Amir Davidson, professionally known as Amir Derakh, is an American musician and record producer. He is currently the guitarist and the synthesizer player for the band Julien-K, and was the guitarist for the band Dead by Sunrise. He was once the guitar synthesizer player in the rock band Orgy, and has also played guitar in the bands Rough Cutt and Jailhouse.

Career 
After graduating in 1981 from Mission Bay High School in San Diego, California, Derakh played lead guitar for local bands Armed & Ready and Emerald. He moved to Los Angeles to replace Craig Goldy in Rough Cutt. He made a guest appearance on Crazy Town's album, The Gift of Game. Julien-K released a remix of Linkin Park lead singer Chester Bennington's solo song "Morning After" which appeared exclusively on the soundtrack for the 2006 film, Underworld: Evolution. Derakh describes the sound of Julien-K as Depeche Mode meets Nine Inch Nails.

Derakh performed backing for Bennington when he performed the song "Let Down" during 2005's ReAct Now: Music & Relief televised concert. He also made an appearance in the 2003 version of the film Freaky Friday and has worked with many other popular bands, including Coal Chamber, Spineshank, Danzig, the eels, Red Tape, Mumiy Troll and Estados Alterados.

Derakh owns two highly successful restaurants in Orange County, California. 2145 & Lola Gaspar, plus a recording & mixing studio in Long Beach, California.

Personal life 

Derakh is of Iranian, Irish, Austrian, Hungarian, and Russian ancestry. He attended UCLA and earned his certificate in producing/engineering.

Derakh is an avid guitar designer. He has worked with Grover Jackson of Jackson Guitars and has personally designed several of the guitars he currently plays (the most famous being The Disruptor).
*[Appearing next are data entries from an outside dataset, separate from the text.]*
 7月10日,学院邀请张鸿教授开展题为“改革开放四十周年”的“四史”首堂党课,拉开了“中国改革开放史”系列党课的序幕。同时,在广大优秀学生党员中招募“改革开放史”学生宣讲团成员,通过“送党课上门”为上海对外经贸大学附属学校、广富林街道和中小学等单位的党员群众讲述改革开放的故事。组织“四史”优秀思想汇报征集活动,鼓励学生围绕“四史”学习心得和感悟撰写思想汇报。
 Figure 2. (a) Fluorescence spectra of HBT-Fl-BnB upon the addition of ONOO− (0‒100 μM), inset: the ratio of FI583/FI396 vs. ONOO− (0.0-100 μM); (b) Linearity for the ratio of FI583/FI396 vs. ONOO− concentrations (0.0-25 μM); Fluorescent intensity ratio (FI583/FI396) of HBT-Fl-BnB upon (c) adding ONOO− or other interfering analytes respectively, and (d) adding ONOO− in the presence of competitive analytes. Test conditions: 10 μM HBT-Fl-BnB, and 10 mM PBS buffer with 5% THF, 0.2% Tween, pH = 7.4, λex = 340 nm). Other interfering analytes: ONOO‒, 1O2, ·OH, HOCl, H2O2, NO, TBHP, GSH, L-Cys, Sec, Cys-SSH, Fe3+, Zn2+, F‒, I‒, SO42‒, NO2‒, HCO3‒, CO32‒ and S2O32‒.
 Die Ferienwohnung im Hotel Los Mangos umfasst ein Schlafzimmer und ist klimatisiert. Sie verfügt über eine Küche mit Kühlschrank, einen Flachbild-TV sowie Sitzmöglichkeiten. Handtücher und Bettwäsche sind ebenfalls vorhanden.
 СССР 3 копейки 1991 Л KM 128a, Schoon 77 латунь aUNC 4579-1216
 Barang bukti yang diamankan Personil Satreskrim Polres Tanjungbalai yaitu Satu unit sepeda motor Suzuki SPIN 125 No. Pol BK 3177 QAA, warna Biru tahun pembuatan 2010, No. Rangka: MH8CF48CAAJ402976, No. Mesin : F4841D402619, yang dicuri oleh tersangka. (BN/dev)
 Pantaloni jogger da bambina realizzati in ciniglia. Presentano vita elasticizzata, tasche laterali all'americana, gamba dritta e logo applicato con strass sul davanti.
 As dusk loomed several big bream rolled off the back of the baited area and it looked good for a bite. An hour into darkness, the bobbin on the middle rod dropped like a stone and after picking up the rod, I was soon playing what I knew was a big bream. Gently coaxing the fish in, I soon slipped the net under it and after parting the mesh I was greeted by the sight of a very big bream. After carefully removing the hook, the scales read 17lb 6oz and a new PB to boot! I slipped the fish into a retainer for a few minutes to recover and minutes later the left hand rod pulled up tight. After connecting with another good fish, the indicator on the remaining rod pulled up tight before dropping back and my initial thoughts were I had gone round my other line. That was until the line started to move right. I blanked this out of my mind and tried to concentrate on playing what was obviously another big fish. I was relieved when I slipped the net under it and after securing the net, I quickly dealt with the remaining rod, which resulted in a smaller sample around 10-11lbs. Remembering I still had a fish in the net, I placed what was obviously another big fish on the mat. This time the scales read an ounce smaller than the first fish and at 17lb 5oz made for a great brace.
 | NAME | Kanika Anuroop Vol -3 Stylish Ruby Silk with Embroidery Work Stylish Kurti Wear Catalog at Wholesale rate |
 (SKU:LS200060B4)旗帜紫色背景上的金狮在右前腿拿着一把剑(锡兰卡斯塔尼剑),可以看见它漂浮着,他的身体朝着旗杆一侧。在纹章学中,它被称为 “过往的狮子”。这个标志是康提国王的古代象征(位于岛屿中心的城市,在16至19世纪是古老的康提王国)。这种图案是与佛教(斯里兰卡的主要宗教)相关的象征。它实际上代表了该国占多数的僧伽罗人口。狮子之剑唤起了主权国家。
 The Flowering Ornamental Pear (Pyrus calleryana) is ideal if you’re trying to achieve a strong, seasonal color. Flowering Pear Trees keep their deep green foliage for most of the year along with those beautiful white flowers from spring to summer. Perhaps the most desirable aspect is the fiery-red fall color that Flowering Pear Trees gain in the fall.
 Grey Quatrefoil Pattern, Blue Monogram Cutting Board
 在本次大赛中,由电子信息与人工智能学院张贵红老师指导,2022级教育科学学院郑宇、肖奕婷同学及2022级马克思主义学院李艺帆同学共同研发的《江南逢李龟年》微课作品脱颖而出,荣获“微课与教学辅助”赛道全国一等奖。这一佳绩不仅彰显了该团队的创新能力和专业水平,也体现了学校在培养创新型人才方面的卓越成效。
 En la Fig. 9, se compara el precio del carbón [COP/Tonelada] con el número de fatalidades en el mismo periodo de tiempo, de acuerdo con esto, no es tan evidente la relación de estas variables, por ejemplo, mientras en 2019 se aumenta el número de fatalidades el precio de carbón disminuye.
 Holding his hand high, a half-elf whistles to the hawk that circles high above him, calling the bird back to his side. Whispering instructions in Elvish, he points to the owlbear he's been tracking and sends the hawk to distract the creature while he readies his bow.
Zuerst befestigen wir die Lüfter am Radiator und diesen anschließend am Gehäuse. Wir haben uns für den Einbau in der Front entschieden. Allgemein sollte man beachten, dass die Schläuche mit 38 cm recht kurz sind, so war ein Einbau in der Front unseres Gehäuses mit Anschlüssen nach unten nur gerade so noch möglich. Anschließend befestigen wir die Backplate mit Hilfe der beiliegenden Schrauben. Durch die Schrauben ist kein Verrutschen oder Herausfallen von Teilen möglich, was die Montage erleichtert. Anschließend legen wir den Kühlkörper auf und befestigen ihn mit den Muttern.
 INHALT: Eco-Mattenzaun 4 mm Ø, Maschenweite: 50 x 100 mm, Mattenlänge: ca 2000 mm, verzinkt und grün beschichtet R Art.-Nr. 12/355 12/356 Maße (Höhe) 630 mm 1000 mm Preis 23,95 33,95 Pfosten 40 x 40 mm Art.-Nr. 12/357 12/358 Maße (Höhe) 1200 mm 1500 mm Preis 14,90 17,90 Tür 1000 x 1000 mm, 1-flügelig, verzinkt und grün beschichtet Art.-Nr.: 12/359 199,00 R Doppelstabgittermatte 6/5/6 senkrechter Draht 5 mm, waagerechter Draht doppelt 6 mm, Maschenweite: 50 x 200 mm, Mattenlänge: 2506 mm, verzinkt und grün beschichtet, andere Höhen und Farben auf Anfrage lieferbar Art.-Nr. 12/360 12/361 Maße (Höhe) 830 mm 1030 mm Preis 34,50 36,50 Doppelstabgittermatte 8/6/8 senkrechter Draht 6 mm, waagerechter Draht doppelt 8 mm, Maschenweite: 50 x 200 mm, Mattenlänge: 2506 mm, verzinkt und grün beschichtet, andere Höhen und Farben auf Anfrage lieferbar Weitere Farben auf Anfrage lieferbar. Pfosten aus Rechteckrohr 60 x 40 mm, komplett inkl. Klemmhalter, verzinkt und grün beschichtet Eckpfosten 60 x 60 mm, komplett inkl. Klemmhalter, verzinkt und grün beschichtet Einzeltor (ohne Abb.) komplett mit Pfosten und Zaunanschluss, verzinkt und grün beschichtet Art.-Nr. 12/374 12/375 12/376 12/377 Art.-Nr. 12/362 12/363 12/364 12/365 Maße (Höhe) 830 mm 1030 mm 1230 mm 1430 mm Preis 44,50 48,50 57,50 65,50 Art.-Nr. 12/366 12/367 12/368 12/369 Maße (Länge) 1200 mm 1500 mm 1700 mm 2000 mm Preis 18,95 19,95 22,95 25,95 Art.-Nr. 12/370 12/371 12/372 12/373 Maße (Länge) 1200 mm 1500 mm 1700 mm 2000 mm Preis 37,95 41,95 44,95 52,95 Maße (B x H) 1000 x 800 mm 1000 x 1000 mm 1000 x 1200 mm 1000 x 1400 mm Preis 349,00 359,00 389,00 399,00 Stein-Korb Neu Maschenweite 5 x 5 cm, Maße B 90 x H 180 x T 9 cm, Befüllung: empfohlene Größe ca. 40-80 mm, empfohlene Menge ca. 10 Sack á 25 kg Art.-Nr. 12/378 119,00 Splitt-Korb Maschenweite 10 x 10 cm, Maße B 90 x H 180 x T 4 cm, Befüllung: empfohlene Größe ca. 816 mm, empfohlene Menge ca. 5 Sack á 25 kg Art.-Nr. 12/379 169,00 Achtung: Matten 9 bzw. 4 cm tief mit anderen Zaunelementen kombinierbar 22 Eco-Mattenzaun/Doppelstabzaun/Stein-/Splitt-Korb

One of his motivations for designing his own guitars is his desire to create something unique yet functional, and having the public wonder "Wow, what is that guy playing?" He also designed a signature model for Yamaha called the AES-AD6 which was made in a very limited factory run and is highly collectable.

Derakh has a son named Michael Melody-Davidson.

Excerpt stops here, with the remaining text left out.